My 728 turned 41 this year. I got it in 1984 from the local dealer with the mower deck,snowblower and tiller for 700.00 . It mowed my yard,blew snow and tilled the garden for five years until I bought a larger garden tractor. Just liked it so much I could not part with the little guy. These days it is retired to just some tilling. Even thou I now have bigger and more modern tractors I still love to get on and dig some dirt. For his birthday he got new top seal,new points and condenser,new spark plug and some new front tires. And he's running real happy.


----------



## Hoodoo Valley (Nov 14, 2006)

Looks to be in very nice shape!
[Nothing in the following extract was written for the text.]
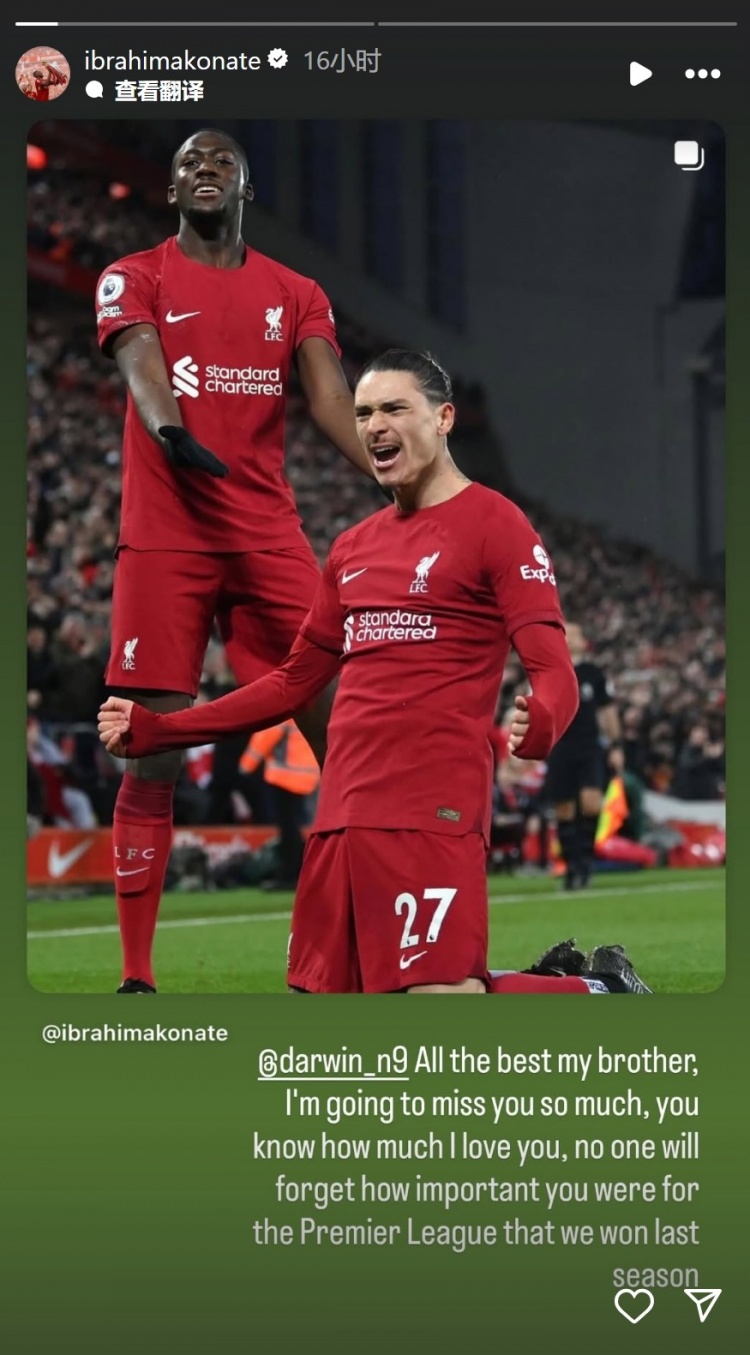 科纳特告别努涅斯:我会很念念念你,没东谈主会健忘你对问鼎英超的孝顺
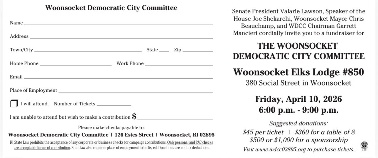 Tickets and sponsorships help fund voter outreach, candidate support, and community programs. RSVP by March 27. For tickets or questions, contact the Woonsocket Democratic City Committee.

What are your plans for the birthday surprise?


----------



## farmertim (Dec 1, 2010)

Will he share the Birthday Cake? i reckon he could eat a whole one on his own!!!!


----------



## Thomas (Nov 1, 2006)

Wishing you many..many more season 728.

Would 728 be woman,for she looks darn nice for her age.


----------



## mikeywalsh (Dec 5, 2011)

*howdy*

hello im mikey walsh, i live in wisconsin, and i farm with my dad. i have a simplicity 738 8hp, i have recently seized the engine on accident and so i have upgraded the engine to a kohler 13 hp engine, i had some prblems at first with the belt being to tight cause the crankshaft is a little farther back so i have to get a bigger belt. but i wanted to ask yall.. was this a bad thing to do??? i think it might make wear and tear on the transmission. i am also going to do some costomization just for fun lol and that includes changing the muffler to a straight pipe, i mostly use this tractor for the strawberry patch amd garden tillage, thank you


----------